** What is being asked **
Only a verbatim restatement of the lines from the one with "Пистолет для монтажной пены Вихрь" through the end of the listing below is wanted. Pictures should be left out.

** Data section **
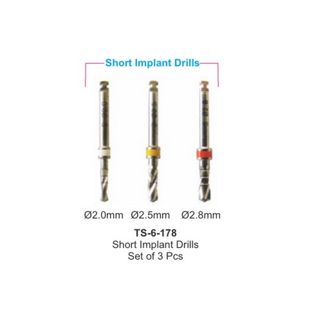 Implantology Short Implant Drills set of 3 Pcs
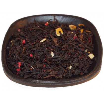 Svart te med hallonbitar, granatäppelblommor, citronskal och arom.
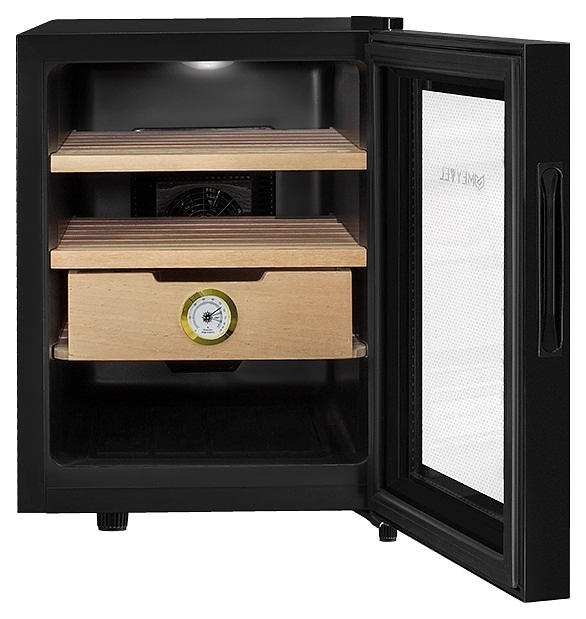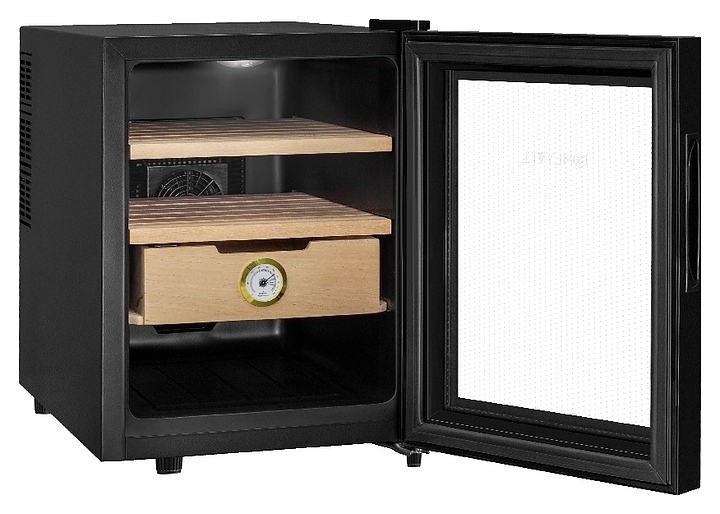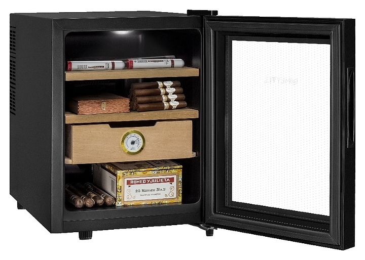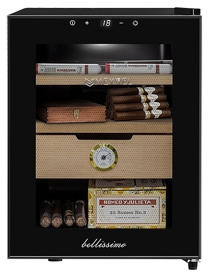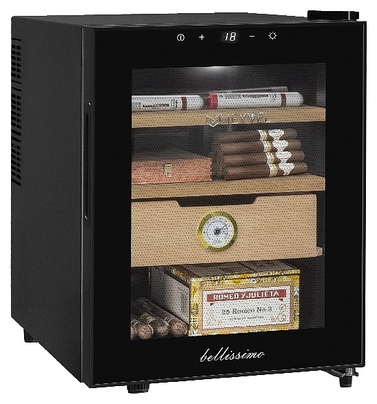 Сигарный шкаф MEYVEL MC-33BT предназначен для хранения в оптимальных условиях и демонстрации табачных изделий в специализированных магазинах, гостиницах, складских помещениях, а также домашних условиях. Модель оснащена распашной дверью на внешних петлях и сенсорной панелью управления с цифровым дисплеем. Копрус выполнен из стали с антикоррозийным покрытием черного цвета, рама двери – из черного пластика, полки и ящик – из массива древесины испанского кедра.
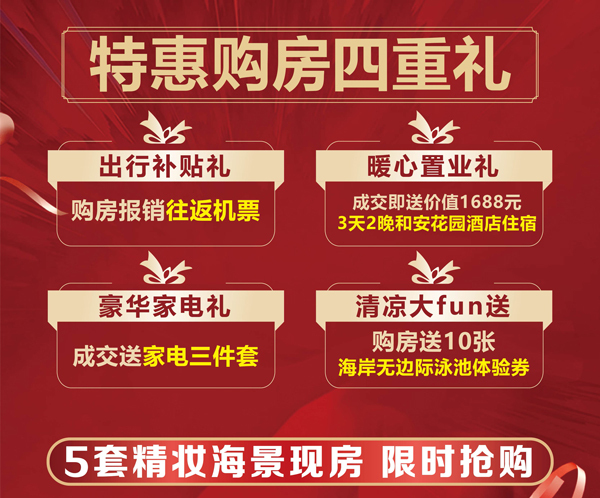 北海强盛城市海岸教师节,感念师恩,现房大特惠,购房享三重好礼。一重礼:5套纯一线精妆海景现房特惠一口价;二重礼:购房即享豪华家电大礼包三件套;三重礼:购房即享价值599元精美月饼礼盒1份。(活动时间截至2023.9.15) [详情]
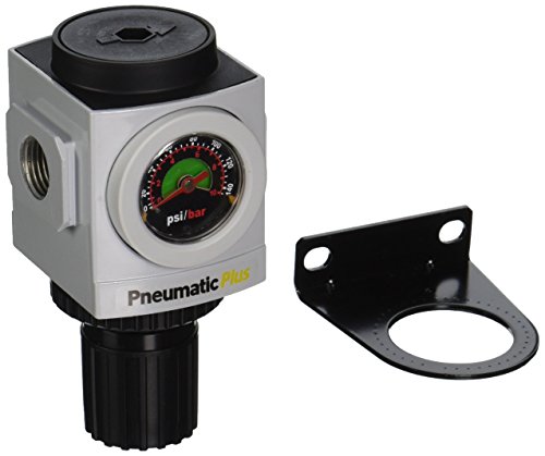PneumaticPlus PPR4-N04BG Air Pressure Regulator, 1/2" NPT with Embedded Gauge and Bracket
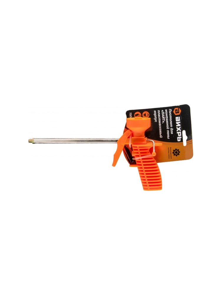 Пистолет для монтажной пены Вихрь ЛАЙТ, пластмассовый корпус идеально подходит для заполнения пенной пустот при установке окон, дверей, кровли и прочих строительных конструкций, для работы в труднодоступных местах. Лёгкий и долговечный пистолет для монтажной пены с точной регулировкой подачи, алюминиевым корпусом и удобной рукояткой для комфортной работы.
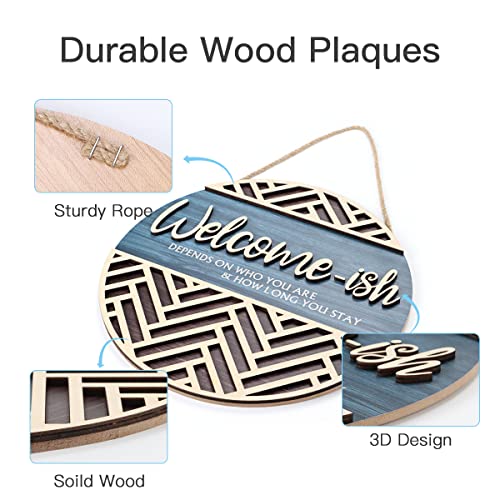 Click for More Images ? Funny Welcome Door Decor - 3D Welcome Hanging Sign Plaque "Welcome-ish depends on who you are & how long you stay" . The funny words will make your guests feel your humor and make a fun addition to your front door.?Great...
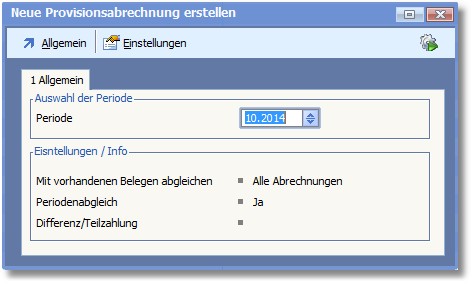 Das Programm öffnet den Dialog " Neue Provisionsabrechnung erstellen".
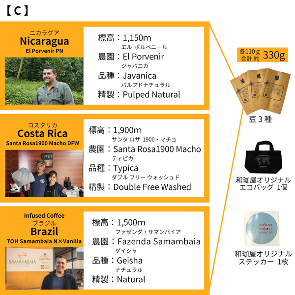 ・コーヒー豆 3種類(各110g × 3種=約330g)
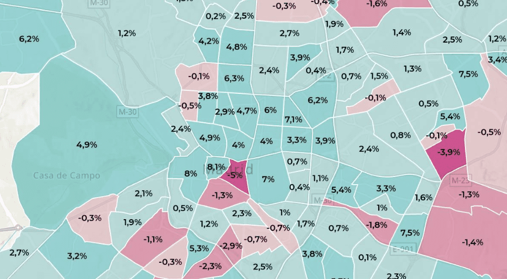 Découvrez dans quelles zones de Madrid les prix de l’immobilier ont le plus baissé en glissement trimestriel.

** Result of this task **
 Пистолет для монтажной пены Вихрь ЛАЙТ, пластмассовый корпус идеально подходит для заполнения пенной пустот при установке окон, дверей, кровли и прочих строительных конструкций, для работы в труднодоступных местах. Лёгкий и долговечный пистолет для монтажной пены с точной регулировкой подачи, алюминиевым корпусом и удобной рукояткой для комфортной работы.
 Click for More Images ? Funny Welcome Door Decor - 3D Welcome Hanging Sign Plaque "Welcome-ish depends on who you are & how long you stay" . The funny words will make your guests feel your humor and make a fun addition to your front door.?Great...
 Das Programm öffnet den Dialog " Neue Provisionsabrechnung erstellen".
 ・コーヒー豆 3種類(各110g × 3種=約330g)
 Découvrez dans quelles zones de Madrid les prix de l’immobilier ont le plus baissé en glissement trimestriel.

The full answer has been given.